転生令嬢の食いしん坊万罪!

ねこたま本店

文字の大きさ
上 下
110 / 124
第8章

閑話 大司教の誤算

しおりを挟む


 その日の午後、神聖教会の司教達を束ねる立場にある初老の男性――大司教ラモンは、自室で1人優雅にアフタヌーンティーを楽しんでいた。
 ラモンが侯爵家の令息であった頃からの習慣である。

「ふう……。これで王都も王家も、そして協会も、完全に落ち着く事であろう……」

 ラモンは静かに独り言ちる。
 先だって、あの女狂いの大馬鹿者が民衆の前で絞首刑に処され、次代の王の即位にも一定の筋道がついた。
 そして、件の大馬鹿者の処断を行うに当たって、9年前に大罪系スキルの所有を理由に放逐した公爵令嬢と第2王子の件も、上手く有耶無耶にできている。

 もっとも、それは公爵令嬢と第2王子が王都への帰還や、本来の身分・地位と名誉の回復を望まず、片田舎での静かな暮らしを選んでくれたお陰でもあった。
 その点に関しては、ラモンとしても心から両人へ感謝を捧げたい所だ。

 何もない山中の村に引っ込んで、他の平民と混じって貧しい暮らしをする事の一体どこに、王位や公爵家の継承権を捨てるほどの価値があるのか、ラモンには全く理解できなかったが。

 なんにせよ、此度の聖女擁立の効果は大きかった。
 かの公爵令嬢が愚王の処断に多大な貢献をした事により、一時期落ち込んでいた貴族達からの支持も、今やすっかり元通りになりつつある。

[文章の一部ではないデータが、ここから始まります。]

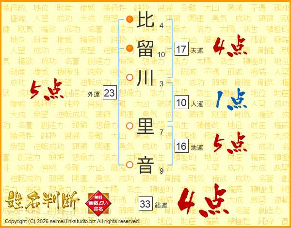 比留川里音さんの総運は33画の4点!
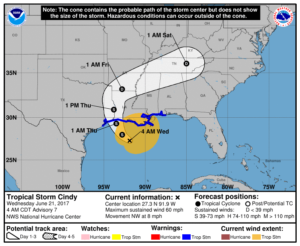 Tropical Storm Cindy formed in the Gulf of Mexico on Tuesday. It is bringing heavy rain and a threat of tornadoes to the northern Gulf coast well in advance of landfall late on Wednesday or early Thursday. At 5 am Wednesday, Cindy was located near 27.3 North, 91.9 West, about 225 miles southeast of Galveston, Texas. Maximum sustained winds were 60 miles per hour, and Cindy was moving northwest at 8 miles per hour. Cindy is a ragged system with much of the severe weather well to the east of the center. Effects from Cindy will be strongest from Louisiana to the Florida panhandle.

 いや、上手くすれば、現状大きく落ち込んでいる他国からのレカニス王国の評価を飛躍的に上げ、更なる信仰を集める切っ掛けにもなるだろう。

 聖女の力の最たるものは、『慈善』のスキルがもたらす強力な治癒と加護の力だが、そんなものは魔法でどうとでも誤魔化しが効く。
 何より、今のレカニス王国には戦火の足音は聞こえず、大規模な災害の予兆もない。
 小手先の誤魔化しでも、十分聖女として立ち続ける事ができるはずだ。
 香り高い紅茶を口に含みながら、ラモンは満足気にうなづいた。

 今回聖女として立てたのは、ラモンの実家であるガナンシア侯爵家の親戚に当たる、アムリエ侯爵家の末娘・アミエーラ。
 無論、最初に聖女候補としてアミエーラを推したのはラモンである。

 ラモンがアミエーラを推薦したのは、水面下で聖女擁立の話を聞き付けたアムリエ侯爵から、密かに多額の献金を受け取っていた事が最たる理由だ。
 しかしながら、ただ金に目が眩んだだけで、アムリエ侯爵の差し出す手を取った訳ではない。
 一度アミエーラと対面し、聖女として、神聖教会の御印として相応しい資質があると、そう判断したからこその推薦でもあった。

 他者に軽んじられる事のない高貴な血筋、美貌。
 上位貴族の令嬢としての知識と優雅な所作。
 そして、他者を前にしても揺らがぬ意志の強さ、毅然とした態度。
 これこそ衆人環視の前へ出るに相応しい聖女であろうと、ラモンは確信していた。

 ただ――ラモンは知らない。
 アムリエ侯爵は、末娘を客観的に評価できない親バカな上、娘の言う事ばかりを何でもホイホイ鵜呑みにする、どうしようもないバカ親であるという事を。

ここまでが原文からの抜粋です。